Saturday, March 2, 2013

Mark 5:26-30 Pressing Through


She had suffered a great deal from many doctors, and over the years she had spent everything she had to pay them, but she had gotten no better. In fact, she had gotten worse.  She had heard about Jesus, so she came up behind him through the crowd and touched his robe.  For she thought to herself, “If I can just touch his robe, I will be healed.”  Immediately the bleeding stopped, and she could feel in her body that she had been healed of her terrible condition. Jesus realized at once that healing power had gone out from him, so he turned around in the crowd and asked,  “Who touched my robe?” 

Observation
This woman's affliction made her ritually unclean because of her bleeding.

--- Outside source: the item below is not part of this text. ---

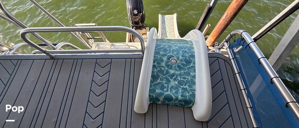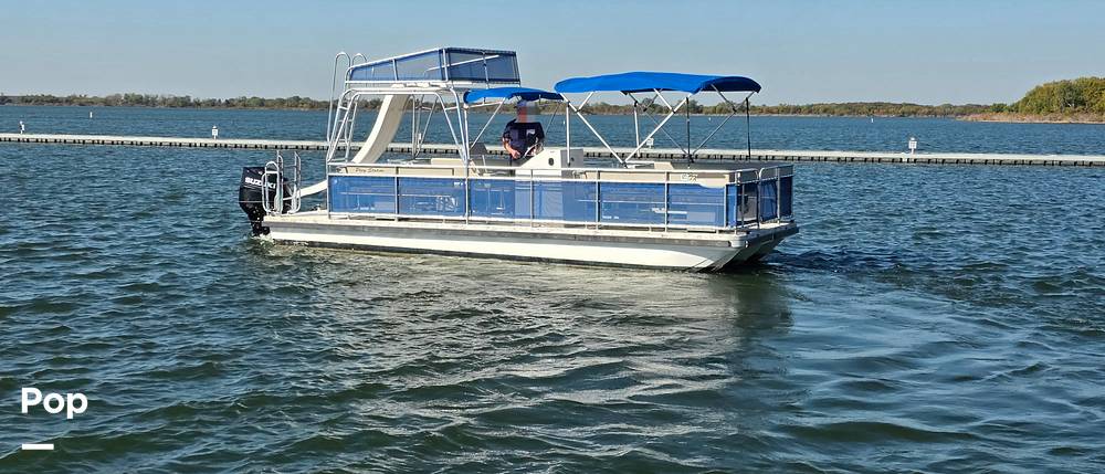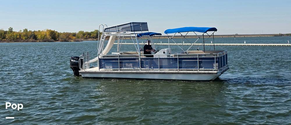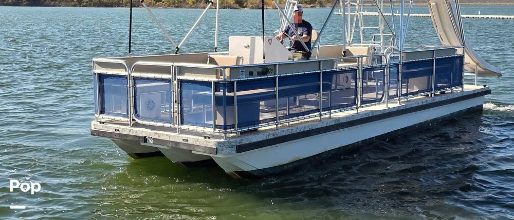 2022 A&M custom made Double Decker boat on tritoon hulls. Top deck features a slide! 150 horsepower Suzuki motor!

Based on rules passed down from the Israelites track through the desert, she was to be removed from the city, not knowing if it would spread throughout the city. She respected that and abided by those rules. She was torn away from her city, broken, separate and alone. She lived away from her family, and they weren't allowed to even speak her name. She was lost in the land of nothing. For twelve years she was exiled in this way, internally and externally. This woman hears about the Messiah and risks being stoned, beaten, and dragged outside the city again, all so that she can touch Jesus. 

Application
Can you imagine the battle of the mind she must have faced? Yet the desperation for change that she experienced was so much greater than her fear. Blessed are those who persevere, who press through (James 1:12). That is what she did, she pressed through, desperate for Jesus. If we were to see this now we would call it extreme, certainly the crowd around her then must have thought so. I bet if she would have shared her plans with her friends they would have told her to stop, maybe would have even held her back physically. She took one of the biggest risks of faith during Jesus's walk on earth. It is pressed upon my heart to not just casually read her story, but to really let it sink in.
Faith is risk. It is going against fear, persecution, affliction, and death for something different, for someone different. Faith is not fire insurance, it is a wholly and holy pressing past yourself and others into Christ for change. For most of us we can't make that faith step without first being in a position of desperation. Trials and suffering can cause us to do one of two things, isolate ourselves (which the widow was forced to do first) or press into Christ. I choose to press into Christ.

Prayer
Father, please remind me to press deeper into You through every trial, discomfort, persecution, or suffering that I encounter. Thank You Lord, for I desire more and more of You and less and less of me.